The granular antibacterial material of the present invention has excellent durability,
It is effective for purifying various types of water that require hygiene, particularly for purifying bath water for home use or business use, tap water, water in an elevated water layer, water in a pool, and cooling water in a cooling tower. The particulate antibacterial material of the present invention can be used in various fields where sanitary properties are required in addition to water purification, for example, parks, schools, kindergartens, sandboxes, stadiums, sports fields, racetracks, golf courses, pet sands. It is also effective in purifying earth and sand for agricultural and horticultural use and mortar for exterior use. According to the production method of the present invention, a granular antibacterial material having excellent durability can be easily obtained.

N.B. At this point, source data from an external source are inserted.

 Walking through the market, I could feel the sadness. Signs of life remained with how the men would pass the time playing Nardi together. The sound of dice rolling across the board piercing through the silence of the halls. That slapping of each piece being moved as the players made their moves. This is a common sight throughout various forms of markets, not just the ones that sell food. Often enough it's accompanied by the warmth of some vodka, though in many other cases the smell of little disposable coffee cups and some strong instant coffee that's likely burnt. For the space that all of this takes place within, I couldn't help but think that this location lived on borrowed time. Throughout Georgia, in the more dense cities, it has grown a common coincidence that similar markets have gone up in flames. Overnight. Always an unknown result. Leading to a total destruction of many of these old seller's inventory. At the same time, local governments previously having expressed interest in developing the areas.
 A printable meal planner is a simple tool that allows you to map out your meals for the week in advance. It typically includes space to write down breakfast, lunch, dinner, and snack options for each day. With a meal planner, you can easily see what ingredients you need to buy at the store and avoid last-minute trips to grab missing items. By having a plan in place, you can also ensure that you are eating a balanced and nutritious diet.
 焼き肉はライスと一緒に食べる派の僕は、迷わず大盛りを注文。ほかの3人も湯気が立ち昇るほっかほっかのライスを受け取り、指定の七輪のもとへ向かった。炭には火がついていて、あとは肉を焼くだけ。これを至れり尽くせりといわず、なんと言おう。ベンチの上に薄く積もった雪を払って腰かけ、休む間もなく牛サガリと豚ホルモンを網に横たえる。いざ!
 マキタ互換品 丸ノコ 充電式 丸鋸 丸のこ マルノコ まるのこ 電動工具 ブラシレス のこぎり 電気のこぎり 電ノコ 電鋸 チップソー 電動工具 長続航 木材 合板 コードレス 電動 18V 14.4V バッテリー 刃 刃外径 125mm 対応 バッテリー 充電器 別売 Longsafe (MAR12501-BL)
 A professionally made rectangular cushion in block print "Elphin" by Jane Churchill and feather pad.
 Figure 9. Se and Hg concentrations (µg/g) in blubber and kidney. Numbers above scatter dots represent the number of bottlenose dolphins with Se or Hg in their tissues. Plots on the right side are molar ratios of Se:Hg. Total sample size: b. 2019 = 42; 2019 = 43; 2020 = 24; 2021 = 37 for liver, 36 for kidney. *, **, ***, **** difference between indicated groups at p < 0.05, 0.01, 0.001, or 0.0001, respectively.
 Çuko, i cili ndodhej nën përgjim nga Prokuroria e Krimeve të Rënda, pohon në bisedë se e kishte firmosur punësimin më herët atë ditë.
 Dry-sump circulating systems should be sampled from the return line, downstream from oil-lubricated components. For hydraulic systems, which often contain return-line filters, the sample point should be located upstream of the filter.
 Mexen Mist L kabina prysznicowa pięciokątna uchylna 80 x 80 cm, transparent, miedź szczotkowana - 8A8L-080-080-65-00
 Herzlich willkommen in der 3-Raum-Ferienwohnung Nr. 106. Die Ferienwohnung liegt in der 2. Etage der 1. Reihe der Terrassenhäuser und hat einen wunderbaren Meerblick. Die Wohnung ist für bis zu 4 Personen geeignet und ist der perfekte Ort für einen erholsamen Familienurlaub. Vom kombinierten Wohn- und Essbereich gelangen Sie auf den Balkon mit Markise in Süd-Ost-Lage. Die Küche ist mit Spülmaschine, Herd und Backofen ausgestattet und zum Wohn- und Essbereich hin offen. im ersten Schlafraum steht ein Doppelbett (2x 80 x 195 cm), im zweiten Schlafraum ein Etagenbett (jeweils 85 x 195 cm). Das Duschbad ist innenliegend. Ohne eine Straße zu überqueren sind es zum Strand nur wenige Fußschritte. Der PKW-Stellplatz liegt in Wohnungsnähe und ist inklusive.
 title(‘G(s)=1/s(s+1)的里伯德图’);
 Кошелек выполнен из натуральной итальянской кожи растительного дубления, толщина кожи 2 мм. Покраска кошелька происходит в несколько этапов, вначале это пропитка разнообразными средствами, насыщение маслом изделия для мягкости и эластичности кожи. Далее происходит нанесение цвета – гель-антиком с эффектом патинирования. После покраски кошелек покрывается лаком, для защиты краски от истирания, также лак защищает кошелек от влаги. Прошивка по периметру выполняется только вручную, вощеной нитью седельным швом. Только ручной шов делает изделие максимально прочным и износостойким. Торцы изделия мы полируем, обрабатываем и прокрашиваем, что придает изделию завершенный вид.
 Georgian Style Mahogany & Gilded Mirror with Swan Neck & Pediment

 ────────────────────────────────────────────────── ─── Continuing from the front page (72) Inventor Takao Kuramoto 2-38-8 Meieki Station, Nakamura-ku, Nagoya City, Aichi Prefecture Moriroku Co., Ltd. (72) Noriyuki Yamamoto 1 Funamicho, Minato-ku, Nagoya City, Aichi Prefecture Nagoya Research Institute, Toagosei Co., Ltd. (72) Inventor Koji Sugiura 1 Togosei Gosei Co., Ltd. Nagoya Research Institute, Minato-ku, Nagoya City, Aichi Prefecture (72) Inventor Hideki Kato Nagoya, Aichi Prefecture 1F, Funami-cho, Minato-ku F-term (reference) in the Nagoya Research Laboratory, Toagosei Co., Ltd. 4H011 AA02 BA01 BB18 BC18

Claims (5)

[Claims] 1. A granular antibacterial material comprising an antibacterial agent represented by the following general formula [1] supported on the surface of a granular ceramic. M ¹ _{a Ab} M ² _c (PO ₄ ) _d · nH ₂ O [1] (M ¹ is silver, copper, zinc, tin, mercury, lead, iron, cobalt,
At least one l-valent (l is a positive integer) metal ion selected from nickel, manganese, arsenic, antimony, bismuth, barium, cadmium, and chromium, and A is an alkali metal ion, an alkaline earth metal ion, or ammonium At least one selected from ions and hydrogen ions
A species of m-valent (m is a positive integer) ion, M ² is a tetravalent metal ion, n is a number satisfying 0 ≦ n ≦ 6,
a and b are both la + mb = 1 or la + mb = 2
Where c and d are la + mb = 1,
c = 2, d = 3, and when la + mb = 2, c = 1, d
= 2. ) 2. The granular antibacterial material according to claim 1, wherein at least one metal oxide selected from zinc oxide and titanium dioxide is supported on the surface of the granular ceramic. 3. The particulate antibacterial material according to claim 1, wherein the particle size of the particulate antibacterial material is 0.1 mm to 50 mm. 4. A granular antibacterial material according to claim 1, wherein a vitreous powder is used as a binder for supporting the antibacterial agent on the surface of the granular ceramic. 5. An antibacterial agent represented by the above general formula [1] or at least one metal oxide selected from zinc oxide and titanium dioxide together with a binder together with a particulate ceramic, and heating the mixture. A method for producing a granular antibacterial material, wherein a binder is softened or hardened, and an antibacterial agent is carried on the surface of the granular ceramic via the binder.